Hi,
It depends on a lot of variables, but ultimately the question you're asking is that most things are not going to be substantially better, ever, from the budget standpoint speaker. If you consider that even a cheap $25 speaker is able to perform pretty frigg'n good for that $25, how on Earth do you get massive returns on something that is $500? $1000? More? You start to see massive diminishing returns. Everyone will have their argument for a price point as a break point where you have a sharper drop in return for the cost. But really, the decent budget stuff is about as good as it gets for the money and everything is a massive massive diminishing return for cost as you increase cost.
So more variables become part of this to help differentiate it for you. It's not the same for everyone. Your preferences. Your true needs. Your room. Your source content. All this stuff matters and plays a role in this.
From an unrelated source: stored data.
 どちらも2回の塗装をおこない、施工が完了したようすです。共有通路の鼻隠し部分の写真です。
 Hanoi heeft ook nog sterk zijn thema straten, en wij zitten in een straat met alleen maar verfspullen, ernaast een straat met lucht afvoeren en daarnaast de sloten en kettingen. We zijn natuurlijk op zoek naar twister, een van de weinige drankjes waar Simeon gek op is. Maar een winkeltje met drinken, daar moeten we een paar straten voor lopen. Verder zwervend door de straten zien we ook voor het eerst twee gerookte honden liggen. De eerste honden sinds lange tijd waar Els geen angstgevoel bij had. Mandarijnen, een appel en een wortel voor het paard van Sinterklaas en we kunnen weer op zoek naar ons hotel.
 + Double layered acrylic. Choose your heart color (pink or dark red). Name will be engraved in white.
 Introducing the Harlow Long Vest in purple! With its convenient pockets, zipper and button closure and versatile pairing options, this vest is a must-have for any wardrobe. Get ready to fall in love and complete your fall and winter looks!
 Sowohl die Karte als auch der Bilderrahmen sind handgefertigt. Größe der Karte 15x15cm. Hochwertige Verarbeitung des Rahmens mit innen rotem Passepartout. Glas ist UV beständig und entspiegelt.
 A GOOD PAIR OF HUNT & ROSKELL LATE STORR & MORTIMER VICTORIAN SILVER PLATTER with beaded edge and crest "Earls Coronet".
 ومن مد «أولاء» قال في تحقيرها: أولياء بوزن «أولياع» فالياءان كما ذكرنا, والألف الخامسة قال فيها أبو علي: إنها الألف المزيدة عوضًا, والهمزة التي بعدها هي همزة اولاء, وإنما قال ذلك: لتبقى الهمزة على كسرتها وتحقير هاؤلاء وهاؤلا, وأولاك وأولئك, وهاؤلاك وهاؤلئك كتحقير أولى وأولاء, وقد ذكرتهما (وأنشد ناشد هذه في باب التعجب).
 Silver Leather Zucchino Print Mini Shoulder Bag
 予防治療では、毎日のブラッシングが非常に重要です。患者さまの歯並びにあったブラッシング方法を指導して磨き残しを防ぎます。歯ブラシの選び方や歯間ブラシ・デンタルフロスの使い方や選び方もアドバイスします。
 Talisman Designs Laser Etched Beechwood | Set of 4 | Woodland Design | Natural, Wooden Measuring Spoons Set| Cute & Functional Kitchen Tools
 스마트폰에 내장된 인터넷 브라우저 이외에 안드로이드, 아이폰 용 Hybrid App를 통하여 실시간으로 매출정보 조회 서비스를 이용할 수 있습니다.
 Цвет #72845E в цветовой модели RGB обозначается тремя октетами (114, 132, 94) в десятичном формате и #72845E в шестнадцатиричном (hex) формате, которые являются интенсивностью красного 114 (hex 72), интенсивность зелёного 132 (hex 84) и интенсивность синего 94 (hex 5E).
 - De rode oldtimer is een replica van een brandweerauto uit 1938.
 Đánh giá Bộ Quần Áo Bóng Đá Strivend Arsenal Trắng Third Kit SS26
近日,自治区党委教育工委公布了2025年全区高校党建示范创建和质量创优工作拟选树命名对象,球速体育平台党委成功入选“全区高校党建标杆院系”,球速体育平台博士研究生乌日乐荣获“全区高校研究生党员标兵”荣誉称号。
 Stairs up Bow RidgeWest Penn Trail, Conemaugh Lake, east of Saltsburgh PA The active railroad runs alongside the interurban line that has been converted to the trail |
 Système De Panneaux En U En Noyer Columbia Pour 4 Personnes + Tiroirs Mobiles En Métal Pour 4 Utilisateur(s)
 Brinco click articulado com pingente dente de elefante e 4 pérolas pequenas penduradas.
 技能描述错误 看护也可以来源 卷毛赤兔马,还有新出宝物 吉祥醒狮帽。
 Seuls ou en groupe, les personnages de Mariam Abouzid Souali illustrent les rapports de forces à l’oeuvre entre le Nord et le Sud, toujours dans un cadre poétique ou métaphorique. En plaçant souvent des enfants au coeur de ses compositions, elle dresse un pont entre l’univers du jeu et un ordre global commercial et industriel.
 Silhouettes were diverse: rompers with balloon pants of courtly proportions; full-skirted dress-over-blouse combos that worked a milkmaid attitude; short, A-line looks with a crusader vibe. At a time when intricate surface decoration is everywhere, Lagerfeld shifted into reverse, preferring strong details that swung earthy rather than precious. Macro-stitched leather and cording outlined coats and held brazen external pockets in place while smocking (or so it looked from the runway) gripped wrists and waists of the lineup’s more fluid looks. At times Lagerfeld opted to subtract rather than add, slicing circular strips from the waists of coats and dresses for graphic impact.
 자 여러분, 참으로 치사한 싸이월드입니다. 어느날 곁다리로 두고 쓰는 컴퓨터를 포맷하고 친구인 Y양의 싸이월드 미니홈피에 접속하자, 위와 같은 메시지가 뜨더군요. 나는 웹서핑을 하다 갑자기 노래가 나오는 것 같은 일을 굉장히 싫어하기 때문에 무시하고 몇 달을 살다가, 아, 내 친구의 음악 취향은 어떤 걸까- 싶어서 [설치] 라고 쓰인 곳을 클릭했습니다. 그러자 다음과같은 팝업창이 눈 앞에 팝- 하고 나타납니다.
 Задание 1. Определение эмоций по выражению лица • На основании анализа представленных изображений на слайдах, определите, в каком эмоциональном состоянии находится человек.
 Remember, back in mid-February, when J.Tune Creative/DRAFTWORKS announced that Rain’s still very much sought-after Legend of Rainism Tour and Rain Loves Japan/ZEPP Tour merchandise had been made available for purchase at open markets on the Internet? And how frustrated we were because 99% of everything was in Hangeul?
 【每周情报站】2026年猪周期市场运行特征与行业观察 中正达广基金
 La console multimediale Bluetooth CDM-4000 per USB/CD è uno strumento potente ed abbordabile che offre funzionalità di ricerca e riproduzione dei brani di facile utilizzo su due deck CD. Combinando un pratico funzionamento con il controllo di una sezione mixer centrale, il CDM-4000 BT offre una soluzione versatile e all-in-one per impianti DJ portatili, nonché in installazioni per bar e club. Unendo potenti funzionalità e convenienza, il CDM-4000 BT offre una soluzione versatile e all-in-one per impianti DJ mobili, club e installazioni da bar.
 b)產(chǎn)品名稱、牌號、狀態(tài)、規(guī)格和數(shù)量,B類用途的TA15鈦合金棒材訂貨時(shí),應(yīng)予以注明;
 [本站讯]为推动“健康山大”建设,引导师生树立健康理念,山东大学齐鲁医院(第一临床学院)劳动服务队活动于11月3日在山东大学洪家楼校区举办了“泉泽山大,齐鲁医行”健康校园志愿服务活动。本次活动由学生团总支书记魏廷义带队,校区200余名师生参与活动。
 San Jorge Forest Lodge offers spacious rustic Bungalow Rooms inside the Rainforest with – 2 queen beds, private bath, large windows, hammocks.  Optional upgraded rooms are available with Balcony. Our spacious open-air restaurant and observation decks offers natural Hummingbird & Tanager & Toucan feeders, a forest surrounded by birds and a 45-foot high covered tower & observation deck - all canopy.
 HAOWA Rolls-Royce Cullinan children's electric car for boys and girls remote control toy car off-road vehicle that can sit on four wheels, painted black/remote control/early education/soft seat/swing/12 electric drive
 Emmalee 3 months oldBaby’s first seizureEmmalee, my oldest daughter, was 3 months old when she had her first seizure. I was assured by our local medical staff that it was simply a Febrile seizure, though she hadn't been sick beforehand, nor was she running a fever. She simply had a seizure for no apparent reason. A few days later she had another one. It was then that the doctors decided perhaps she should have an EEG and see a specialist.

Could you upgrade those Jamos? Sure. Would it be way better? Maybe, maybe not. It's hard to define way better. From a metric standpoint, it wouldn't be difficult to beat them. But from a psychoacoutic standpoint, it could be possible to enjoy them better than a $100,000 set of speakers. We really are not that great at hearing and we're fairly bass deaf. Few people have exceptional hearing that allows them to accurately and precisely and consistently pick apart something, without education and experience and still will be beaten by metrics.
Your room matters. Your purpose matters. Your content matters.
The best thing is what you did. You auditioned more speakers. Unless you're into metrics, the best way to find something to spend your money on is to listen to it on well known content to you. If it sounds better, then you're set. There are so many luxury ways to get your hands on so many different speakers for near nothing, you buy, the ship to your door free, you audition, and you send them back if you want, no questions asked, for free or a small fee, to audition most speakers. Use these luxuries. Lots of companies do this. You can try it out yourself. Keep the one that wins over the rest. Do a shoot out.
Instead of focusing on price, start focusing on speaker design and some specific performance metrics. There are excellent speakers that are inexpensive. And there are expensive speakers that have poor performance.